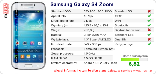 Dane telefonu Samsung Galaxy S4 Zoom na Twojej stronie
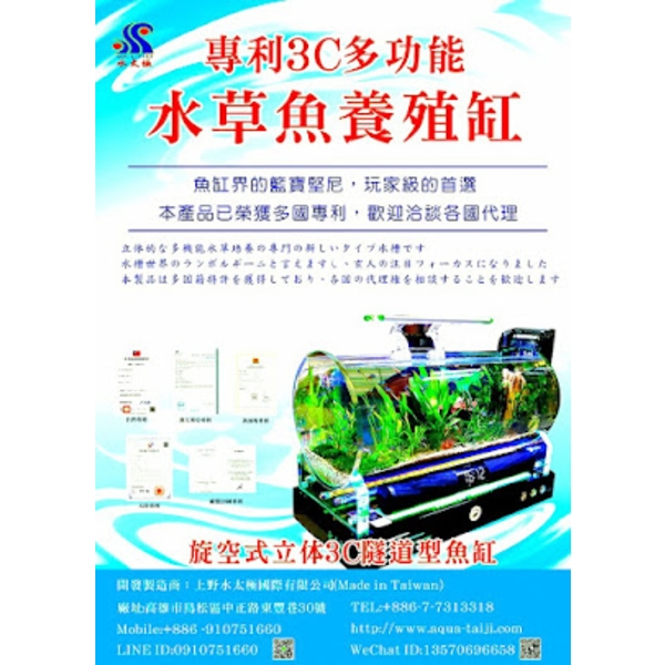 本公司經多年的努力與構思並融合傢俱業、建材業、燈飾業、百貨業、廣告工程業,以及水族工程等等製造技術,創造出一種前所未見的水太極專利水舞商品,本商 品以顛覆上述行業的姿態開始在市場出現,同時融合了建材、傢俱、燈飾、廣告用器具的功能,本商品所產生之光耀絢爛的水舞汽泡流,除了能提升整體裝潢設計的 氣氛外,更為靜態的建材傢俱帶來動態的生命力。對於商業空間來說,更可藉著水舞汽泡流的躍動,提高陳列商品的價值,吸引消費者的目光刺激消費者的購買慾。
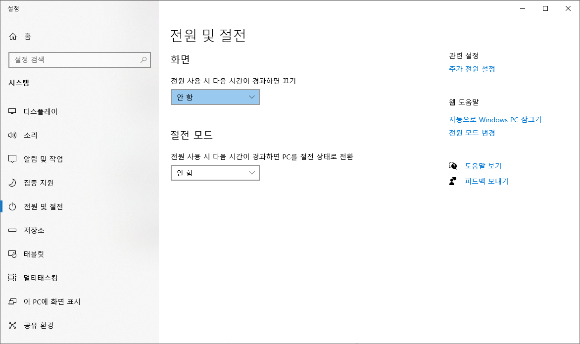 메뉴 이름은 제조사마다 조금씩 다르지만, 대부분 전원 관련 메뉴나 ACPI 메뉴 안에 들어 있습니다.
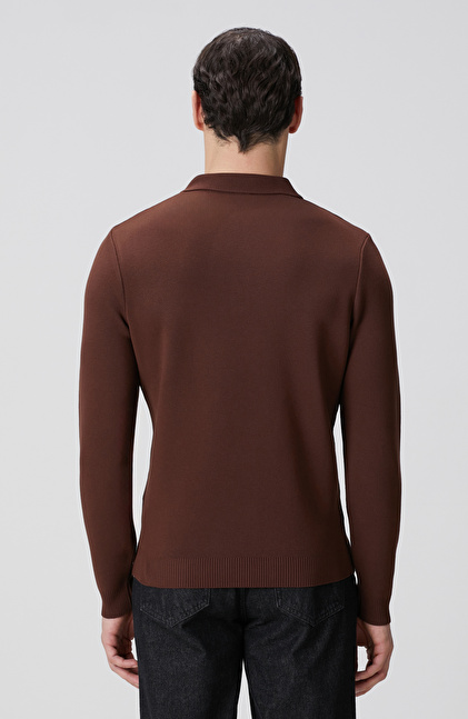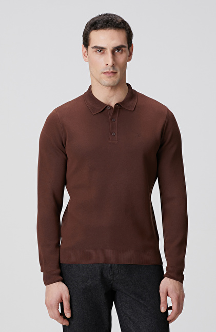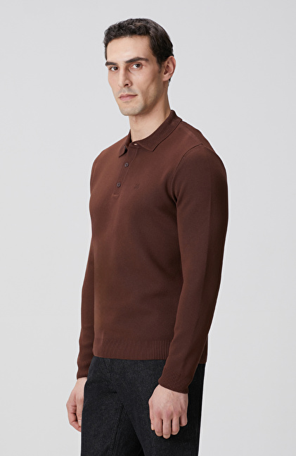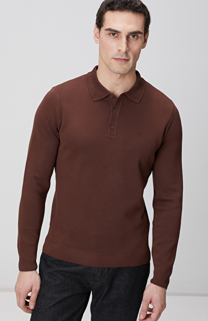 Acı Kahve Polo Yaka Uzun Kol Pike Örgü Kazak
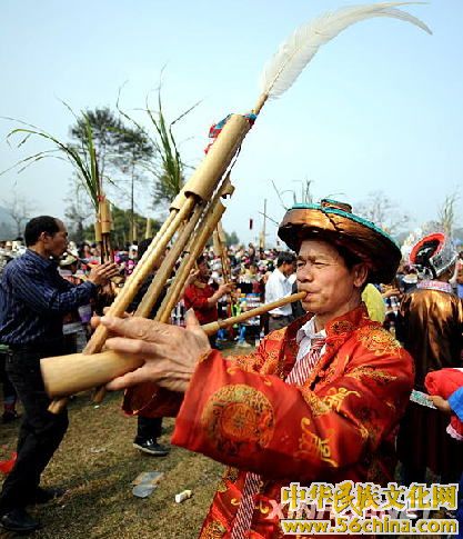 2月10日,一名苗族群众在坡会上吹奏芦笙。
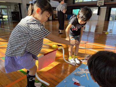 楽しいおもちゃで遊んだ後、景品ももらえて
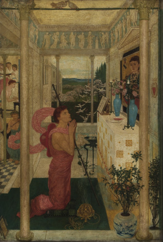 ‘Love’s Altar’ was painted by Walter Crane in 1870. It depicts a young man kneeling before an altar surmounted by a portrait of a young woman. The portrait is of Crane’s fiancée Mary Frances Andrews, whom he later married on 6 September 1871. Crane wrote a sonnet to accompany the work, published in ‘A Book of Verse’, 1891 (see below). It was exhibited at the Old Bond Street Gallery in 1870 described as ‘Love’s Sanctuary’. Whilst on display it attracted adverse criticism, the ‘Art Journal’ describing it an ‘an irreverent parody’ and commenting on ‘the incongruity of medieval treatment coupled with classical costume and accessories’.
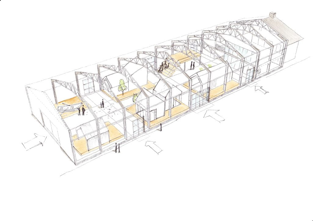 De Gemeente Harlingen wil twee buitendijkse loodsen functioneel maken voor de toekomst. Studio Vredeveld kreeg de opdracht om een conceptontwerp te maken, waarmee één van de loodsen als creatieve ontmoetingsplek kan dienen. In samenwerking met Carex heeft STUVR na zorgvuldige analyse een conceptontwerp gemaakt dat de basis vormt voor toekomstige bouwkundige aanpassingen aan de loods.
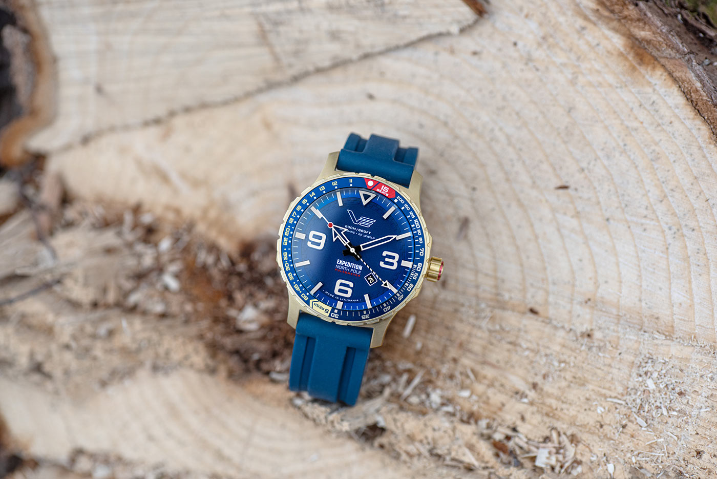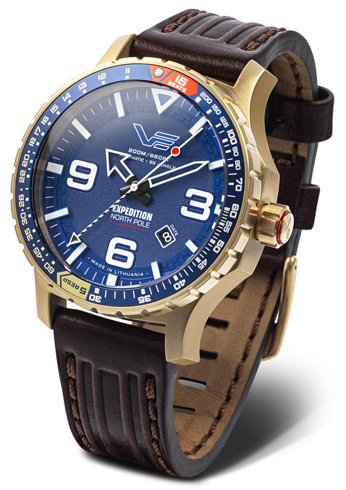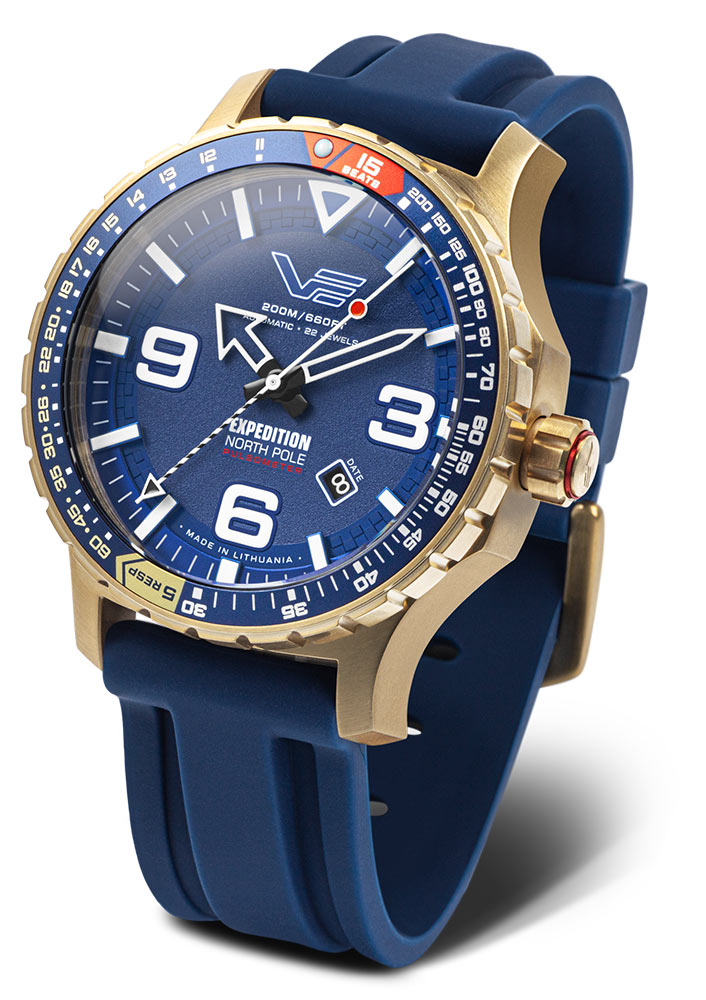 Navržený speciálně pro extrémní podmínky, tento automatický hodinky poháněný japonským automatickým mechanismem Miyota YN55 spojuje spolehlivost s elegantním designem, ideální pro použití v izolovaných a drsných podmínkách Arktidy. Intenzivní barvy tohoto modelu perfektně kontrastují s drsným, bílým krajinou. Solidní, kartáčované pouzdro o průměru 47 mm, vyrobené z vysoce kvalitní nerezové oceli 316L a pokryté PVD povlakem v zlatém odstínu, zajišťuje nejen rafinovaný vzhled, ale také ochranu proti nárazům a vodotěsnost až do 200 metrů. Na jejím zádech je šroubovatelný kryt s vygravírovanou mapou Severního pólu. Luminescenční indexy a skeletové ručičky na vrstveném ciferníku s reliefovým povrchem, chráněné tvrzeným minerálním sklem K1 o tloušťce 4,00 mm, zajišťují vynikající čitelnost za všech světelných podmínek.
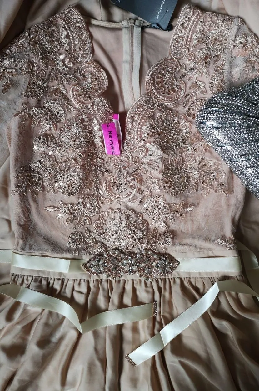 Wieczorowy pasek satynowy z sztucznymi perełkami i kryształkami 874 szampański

______________________________

Problem details
Leaving out the pictures, output each line above exactly as it is.

Exercise output
 Dane telefonu Samsung Galaxy S4 Zoom na Twojej stronie
 本公司經多年的努力與構思並融合傢俱業、建材業、燈飾業、百貨業、廣告工程業,以及水族工程等等製造技術,創造出一種前所未見的水太極專利水舞商品,本商 品以顛覆上述行業的姿態開始在市場出現,同時融合了建材、傢俱、燈飾、廣告用器具的功能,本商品所產生之光耀絢爛的水舞汽泡流,除了能提升整體裝潢設計的 氣氛外,更為靜態的建材傢俱帶來動態的生命力。對於商業空間來說,更可藉著水舞汽泡流的躍動,提高陳列商品的價值,吸引消費者的目光刺激消費者的購買慾。
 메뉴 이름은 제조사마다 조금씩 다르지만, 대부분 전원 관련 메뉴나 ACPI 메뉴 안에 들어 있습니다.
 Acı Kahve Polo Yaka Uzun Kol Pike Örgü Kazak
 2月10日,一名苗族群众在坡会上吹奏芦笙。
 楽しいおもちゃで遊んだ後、景品ももらえて
 ‘Love’s Altar’ was painted by Walter Crane in 1870. It depicts a young man kneeling before an altar surmounted by a portrait of a young woman. The portrait is of Crane’s fiancée Mary Frances Andrews, whom he later married on 6 September 1871. Crane wrote a sonnet to accompany the work, published in ‘A Book of Verse’, 1891 (see below). It was exhibited at the Old Bond Street Gallery in 1870 described as ‘Love’s Sanctuary’. Whilst on display it attracted adverse criticism, the ‘Art Journal’ describing it an ‘an irreverent parody’ and commenting on ‘the incongruity of medieval treatment coupled with classical costume and accessories’.
 De Gemeente Harlingen wil twee buitendijkse loodsen functioneel maken voor de toekomst. Studio Vredeveld kreeg de opdracht om een conceptontwerp te maken, waarmee één van de loodsen als creatieve ontmoetingsplek kan dienen. In samenwerking met Carex heeft STUVR na zorgvuldige analyse een conceptontwerp gemaakt dat de basis vormt voor toekomstige bouwkundige aanpassingen aan de loods.
 Navržený speciálně pro extrémní podmínky, tento automatický hodinky poháněný japonským automatickým mechanismem Miyota YN55 spojuje spolehlivost s elegantním designem, ideální pro použití v izolovaných a drsných podmínkách Arktidy. Intenzivní barvy tohoto modelu perfektně kontrastují s drsným, bílým krajinou. Solidní, kartáčované pouzdro o průměru 47 mm, vyrobené z vysoce kvalitní nerezové oceli 316L a pokryté PVD povlakem v zlatém odstínu, zajišťuje nejen rafinovaný vzhled, ale také ochranu proti nárazům a vodotěsnost až do 200 metrů. Na jejím zádech je šroubovatelný kryt s vygravírovanou mapou Severního pólu. Luminescenční indexy a skeletové ručičky na vrstveném ciferníku s reliefovým povrchem, chráněné tvrzeným minerálním sklem K1 o tloušťce 4,00 mm, zajišťují vynikající čitelnost za všech světelných podmínek.
 Wieczorowy pasek satynowy z sztucznymi perełkami i kryształkami 874 szampański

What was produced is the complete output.